You put this into public and force people to make a strong decision.

What do you want to do?

When I first left Corporate America, I thought I wanted to do workshops and workouts. I was the workshop guy. I was used to being wheeled out around the USA to conduct meaningless workshops. Sure, I liked the idea of working quickly and not getting stuck in bureaucracy, however, I ran a few workshops I was unhappy with and so I offered them less and focused on doing the strategy work by myself as well as a little training.

How do you like to work?

I like the concept of M.R.E. - Minimum Required Effort. As in, what’s the least I need to do to make the biggest impact? Not, “What’s the least I need to do?”

Most clients I’ve worked with - The Economist, Euronews, Twitter, Decoded, and more - have had a lot of data. Some have even had a lot of agencies. But many would say, “We have all these agencies and all these strategy decks but there’s no clear strategy.”

So I sat down and thought, “How do I like to work?”

So my “process” was simple:

What kinds of clients do you want?

The challenge with any kind of strategy and creative work is that most clients don’t know how to buy it.

This is why when someone says to me, “I really want to work with start-ups,” I ask, “Are you sure? Because start-ups often don’t know how to use what you do for them and the CEO might want to author it and it could all come undone because they share your hard work with their romantic partner who has opinions.”

When I was consulting more, I was fortunate to attract clients who knew me and who would ask: “How do you get to your best work?”

I was fortunate to attract clients who had some idea about advertising agency work.
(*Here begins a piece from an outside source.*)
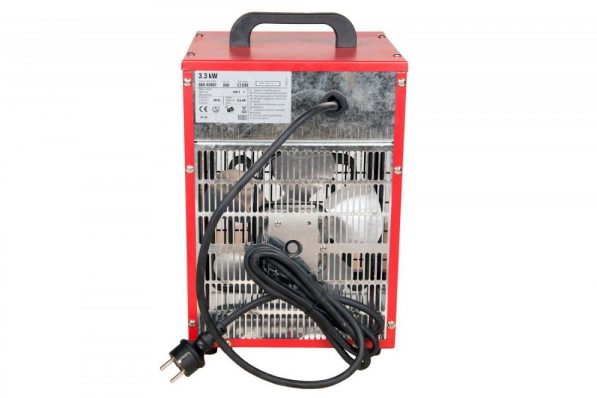 Heizleistung 3,3 kW, 230 V Anschluss, stufenlos einstellbarer Thermostat, Überhitzungsschutz.

And, if they didn’t, they didn’t try to get in the way.

I was fortunate to attract clients who saw the weird things I did on the Internet and still thought, “Oh, we should work together.”

There were CMOs who wanted their internal and agency teams to write less boring strategies. There were CEOs who were building businesses as acts of self-expression. And there were other leaders who had worked with agencies and just wanted that - “big agency thinking”.
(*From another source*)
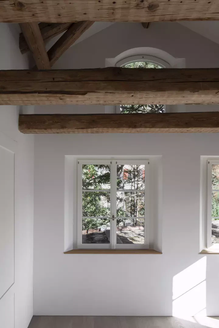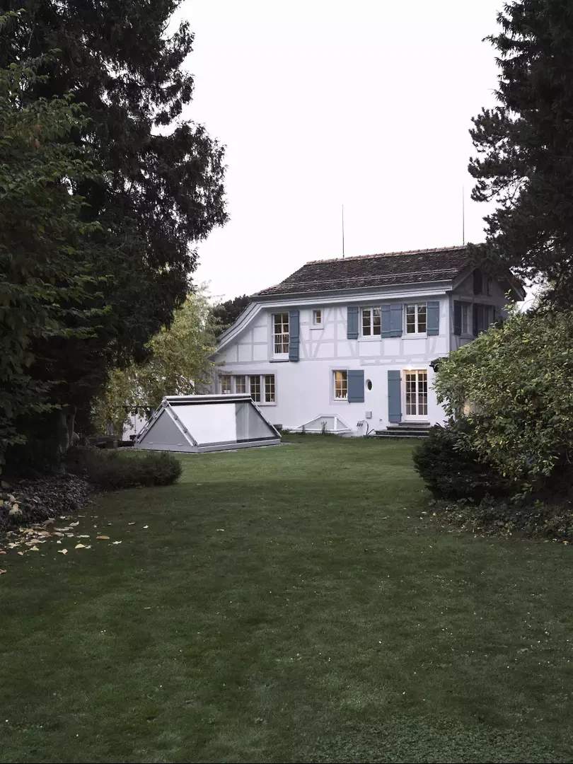 Das Fachwerkhaus mit seinen unregelmässig angeordneten Fenstern befindet sich im historischen Zentrum von Zollikon und weist Spuren eines Baus aus dem 17. Jahrhundert auf. Weitere Renovierungen stammen aus dem 19. Jahrhundert, spätere Anbauten aus den 1950er- und 1970er-Jahren. Die räumliche Anordnung des ursprünglichen Grundrisses ist nicht mehr erkennbar. Die Innenräume scheinen von den Renovierungen der 1970er-Jahre geprägt zu sein, die den skurrilen Stil des damaligen Eigentümers widerspiegeln. Diese Eingriffe zeugen von einer Überschwänglichkeit, die im Kontrast zum pragmatischen Kern aus dem 17. Jahrhundert steht. Das Haus verkörpert somit die Fähigkeit, Zeugen verschiedener Epochen zu beherbergen und zu feiern. Es repräsentiert auch die Dichotomie zwischen Innen und Aussen: die Unabhängigkeit zwischen Körper und Hülle, ihren Gegensatz und die poetischen Risse, die daraus entstehen. Das Projekt versucht somit, subtil in eine chaotische Struktur einzugreifen und eine räumliche Choreografie zu schaffen, die neue Verbindungen zwischen den verschiedenen Raumtypen herstellt. So entstehen neue Beziehungen durch Treppen und Öffnungen zwischen Aussen- und Innenräumen sowie zwischen dem ursprünglichen Hauskörper und seinen Erweiterungen. Wo sich früher in einem Stahlcontainer ein Innenpool befand, befindet sich heute ein Wohnbereich, der sich zum Garten und zum umliegenden Dorf hin öffnet.

I’ve found small business owners difficult to work with. I’ve found early stage start-ups difficult to work with. I’ve found people who are not a little strategy-literate difficult to work with. I’ve found narcissistic leaders difficult to work with. I’ve found interagency teams difficult to work with and life is too short.
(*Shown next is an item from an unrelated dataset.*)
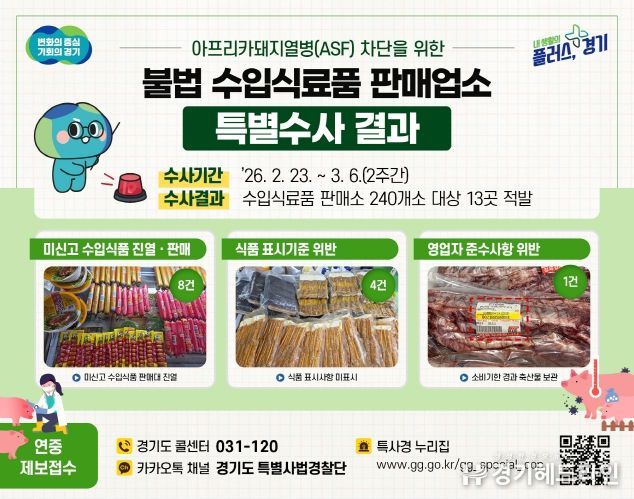 [경기헤드라인=문수철 기자] 경기도 특별사법경찰단은 아프리카돼지열병(ASF)의 국내 유입·확산 방지를 위해 수입식료품 판매업소를 수사한 결과, 미신고 수입식품 판매 등 총 13건을 적발했다고 11일 밝혔다.

But note my use of the word “found”. Building a business and a life is an act of discovery. You make decisions. You place bets. You go through the adventure. Then you work out what you want more of and less of.

What Do I Want To Attract More Of?

I don’t want to attract strange men in clubs. I don’t want to argue with people because I don’t understand “Send Me Money” culture. I don’t want to ask someone what on earth is happening when their face doesn’t react through hours of conversations.

So how do I do this?

And this is what I have just done in this article.